Vicki continued to swim well, winning a bronze medal for the 440-yard individual medley swim, but unfortunately, it wasn’t enough.

‘A different breaststroke swimmer was chosen for the team,’ Vicki says. ‘I had the discipline, but I lacked the killer instinct.’

Vicki’s family were all involved with swimming in one way or another.

 
Vicki Murphy in pool

‘My mum, whilst working full time, became the first female registrar of swimming in South Australia as well as Team Manager for the SA state teams. She is a life member of Swimming SA,’ Vicki says. 

Later life

Vicki met her husband to be, Fred, on Anzac Day at the Norwood Town Hall. During their courtship, Fred was going to plumbing trade school whilst Vicki was doing a cooking class. Vicki said, ‘we used to finish at the same time and Fred would drive me home.’

The couple were married in 1965 and a few years later, Vicki fell pregnant.

‘We went to the doctor and during the check-up he said something doesn’t look quite right. He arranged an x-ray and sure enough, we were pregnant with twins,’ Vicki says.

A girl and a boy, Andrea and Jason were born in 1968. As the children grew up, Vicki continued to work in the swimming industry, teaching swimming, to children, adults and those with a disability. Her daughter Andrea also worked with her from the age of around 14.

‘Mum was an amazing contributor to the public and private swimming industry in South Australia over many years,’ Andrea says. ‘It was beautiful to watch her swim.’

‘Her passion for the water came about not only because she loved swimming herself, but she wanted to instil in every person the skill of swimming. She was way ahead of her time, and she was a force to be reckoned with, particularly when it came to equal rights and opportunity within the industry.’

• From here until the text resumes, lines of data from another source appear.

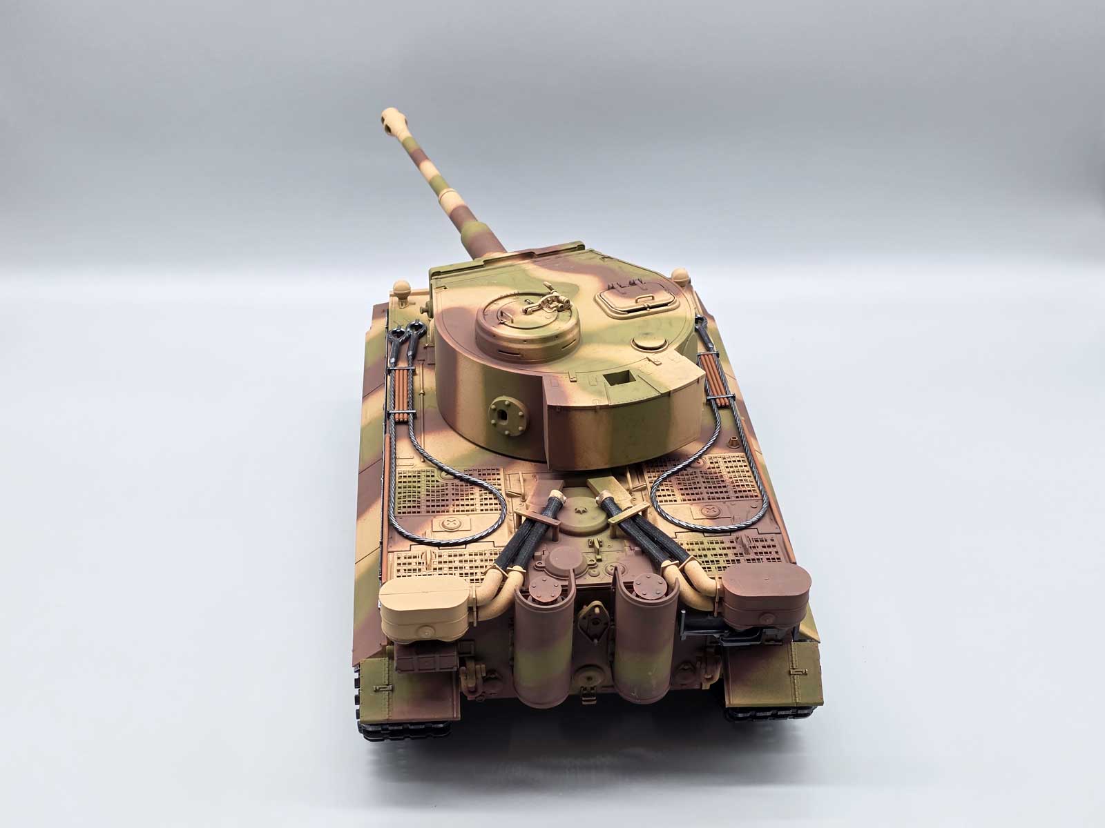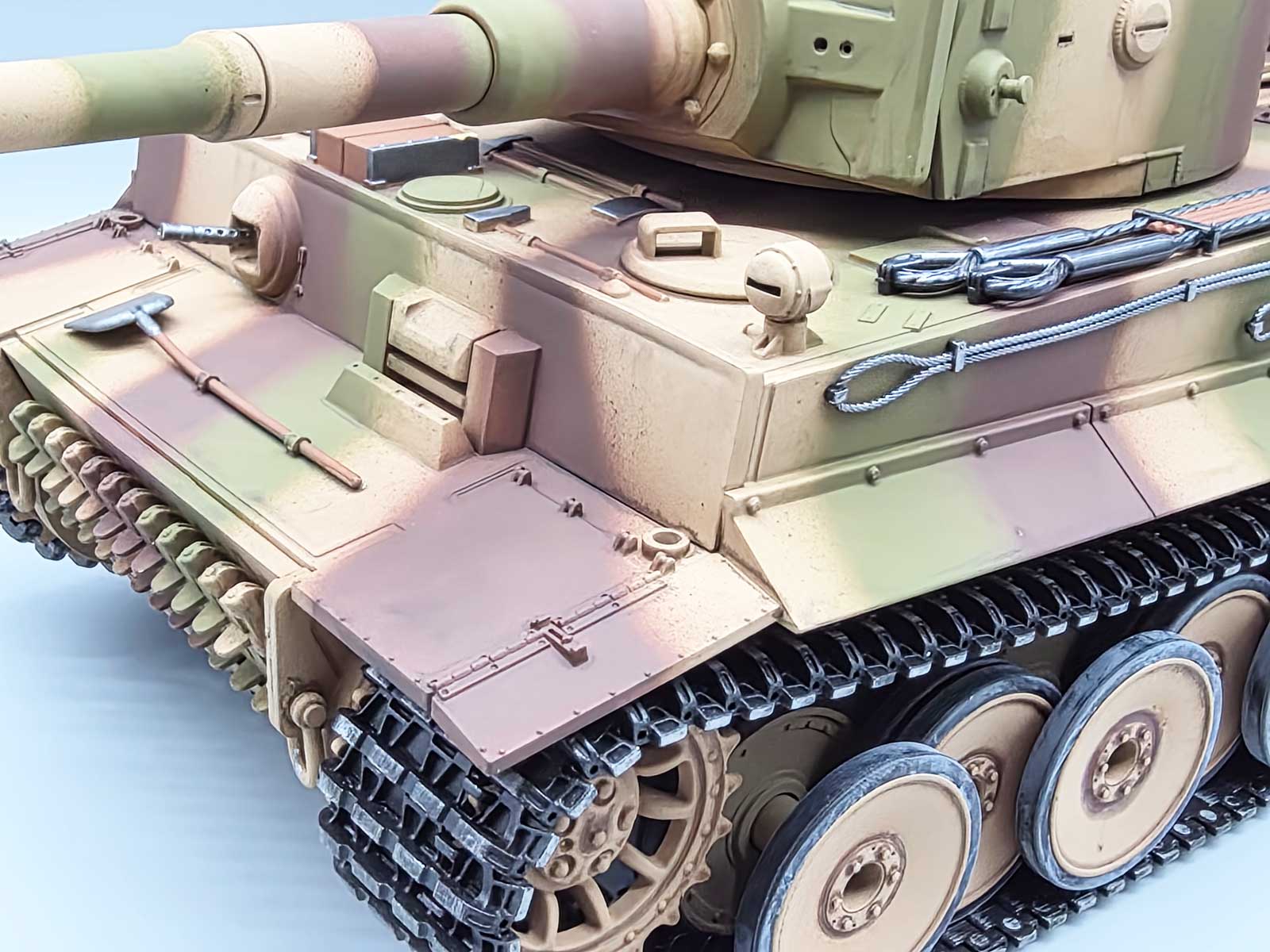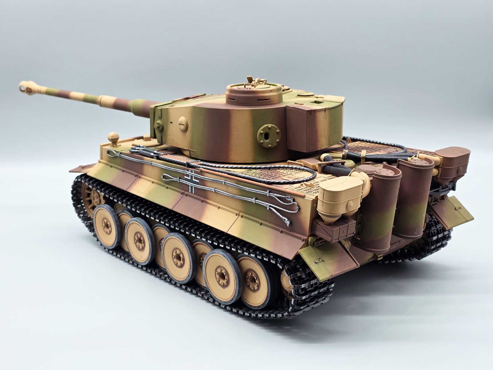 Produktinformationen "RC Panzer Tiger I Dreifarbtarn – Taigen V3 IR Servo Metall-Edition mit Kanonenrauch und 360° Turmdrehung"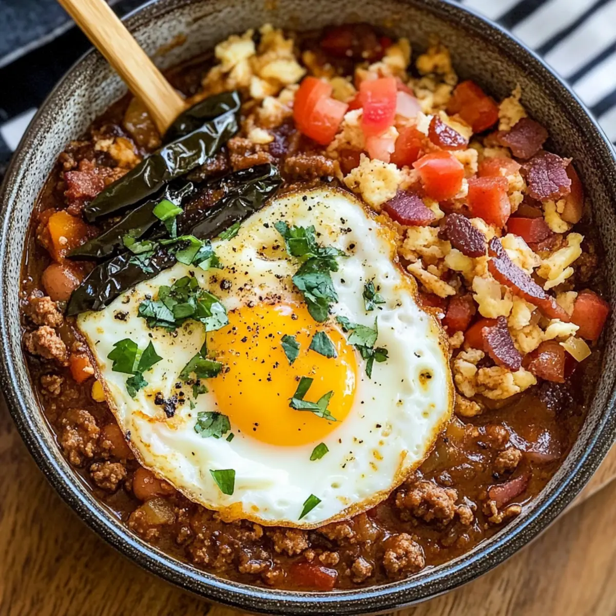 A delicious Breakfast Chili and Eggs that's easy to prepare and packed with flavor, perfect for a cozy morning.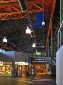 When visiting the Neptun Shopping Centre for the first time, you may notice the unusual architecture, which is really different from what is normal for a Shopping Centre. The reason goes back to the history of the hall: The Neptun Shopping Centre opened in 2008 and is located in the former “Neptunwerft” (“Neptun-shipyard”), an old shipbuilding hall, which was renovated and modernized for the Centre.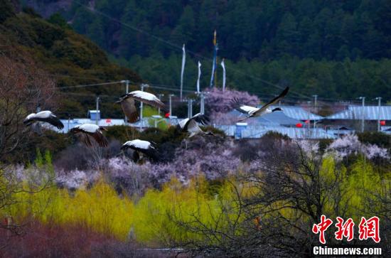 只见,黑颈鹤们伫立在水边,神态悠闲,时而低头觅食,时而抖动双翅,时而翩翩起舞。它们翱翔于桃花与湿地间,人与自然和谐共处的美好场景成为许多人心中的“诗和远方”。图为林芝市巴宜区拍摄到的黑颈鹤。普次 摄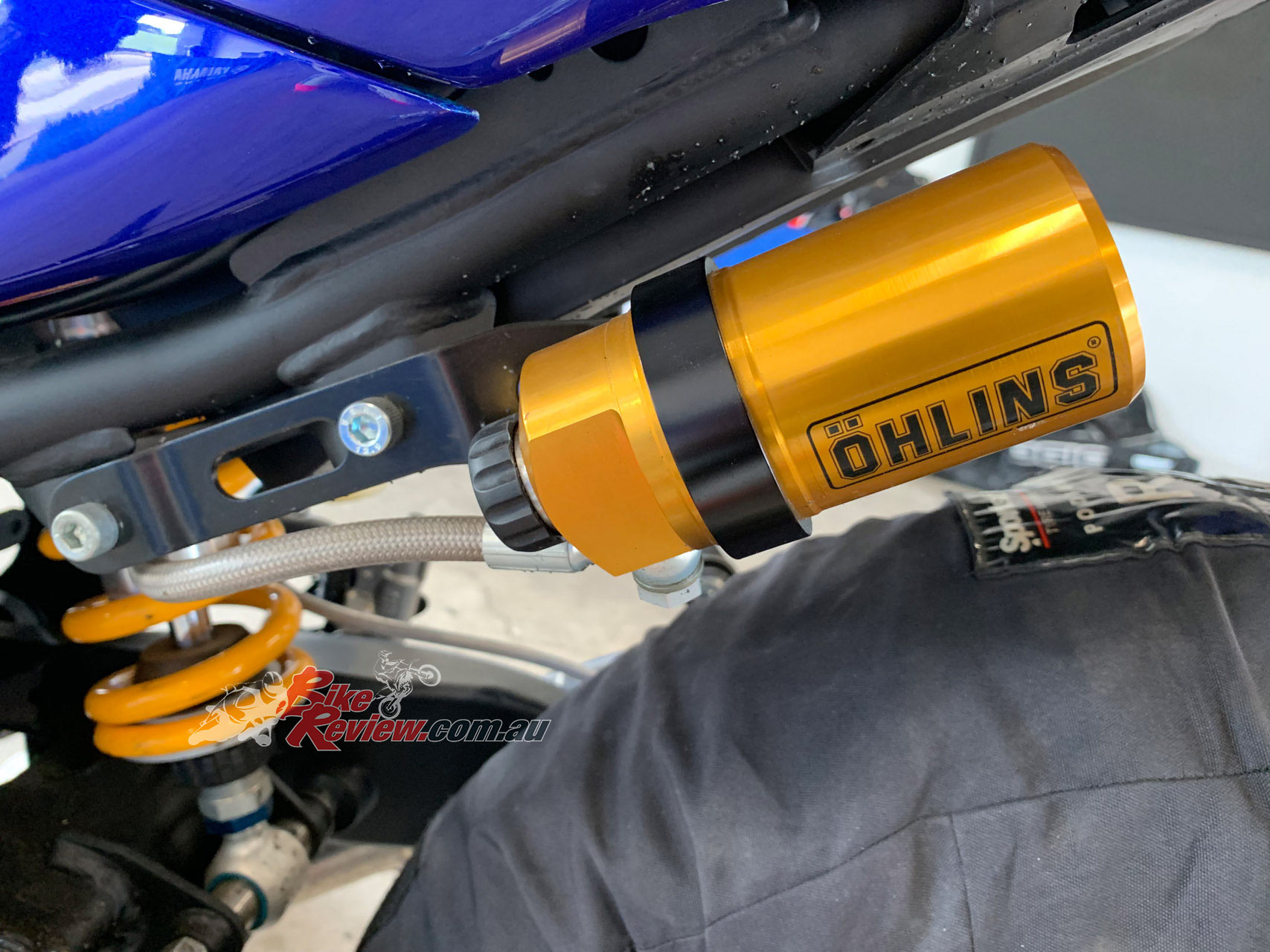 To remove the standard shock absorber and install the racing item you will need a set of footpeg stands, car axle stands work quite well for this task.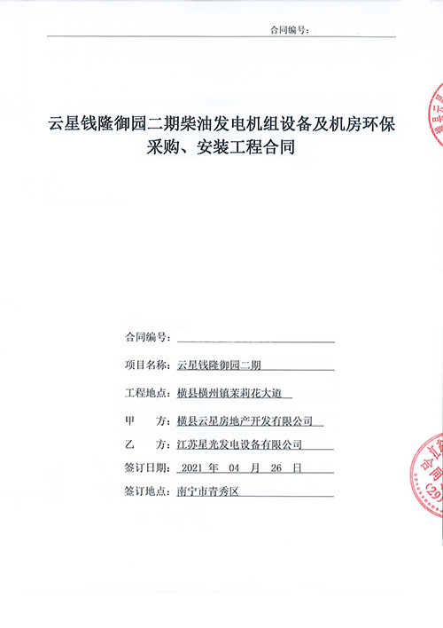 江苏星光动力集团 >> 新闻动态 >> 恭喜我司与云星钱隆御园再次合作,签订一台800KW柴油发电机组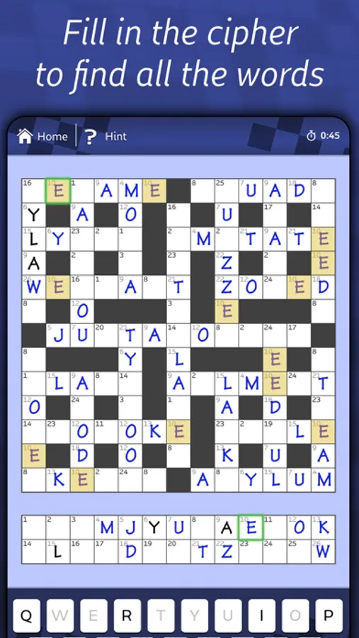 Astraware CodeWords is an addictive word puzzle game with a difference! You start with a crosswords style grid but instead of words, each letter has been substituted with a number from 1 to 26. It is up to you to figure out which number stands for each letter!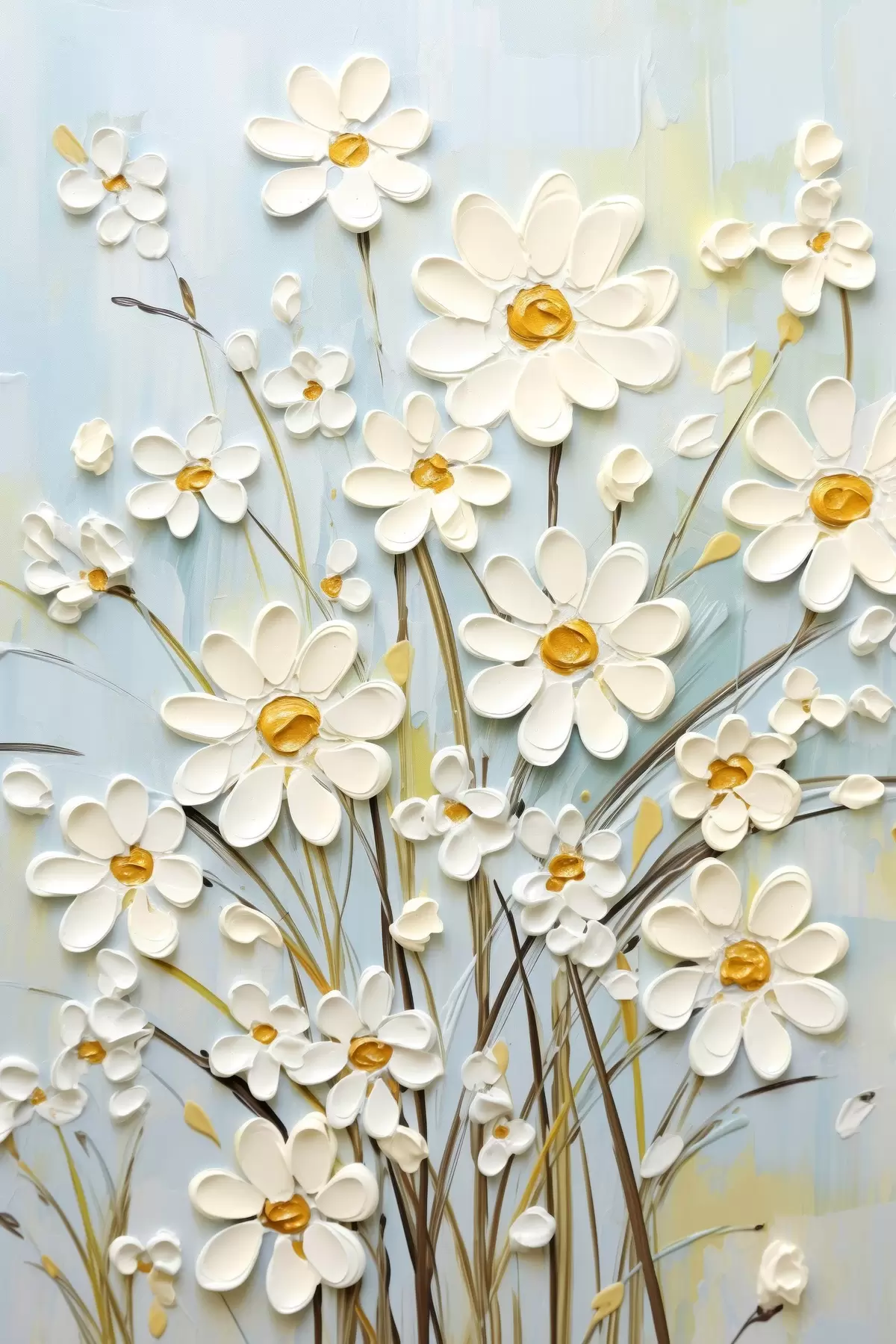 Affiche Marguerites texturées : l'art de l'empâtement avec des coups de pinceau expressifs Non f45266

Vicki continued to swim in Australian Masters Games, and on a daily basis, she could be found swimming across Horseshoe Bay at Pt Elliot.

Sadly, in August 2006, Vicki suffered a stroke. Some seven months later, in March 2007 she was well enough to leave hospital.

‘I’ve lost the use of one arm and leg, but at home I could use my quad walking stick to get around the veranda three times. I was doing okay.’

In 2018 Vicki moved into Resthaven Port Elliot, knowing that she would benefit from the care, as well as the social interactions. Fred, now aged 85, visits her every day, apart from when he’s on the golf course.

And speaking of visitors, a little while ago, Vicki had a special guest at Resthaven. 

‘Dawn was in South Australia for the Australian Swimming titles and she and another swimming teammate, gold medallist Margaret Gibson, who won a gold medal in the 4 x 100 freestyle relay at the 1956 Melbourne Olympics, came to see me,’ Vicki says. ‘I probably should have told some other people she was coming. There were a few people afterward who came up to me and said, ‘she looked familiar!’

Thanks for sharing your story, Vicki! We hope you enjoy watching the swimming for the upcoming Olympics in Paris.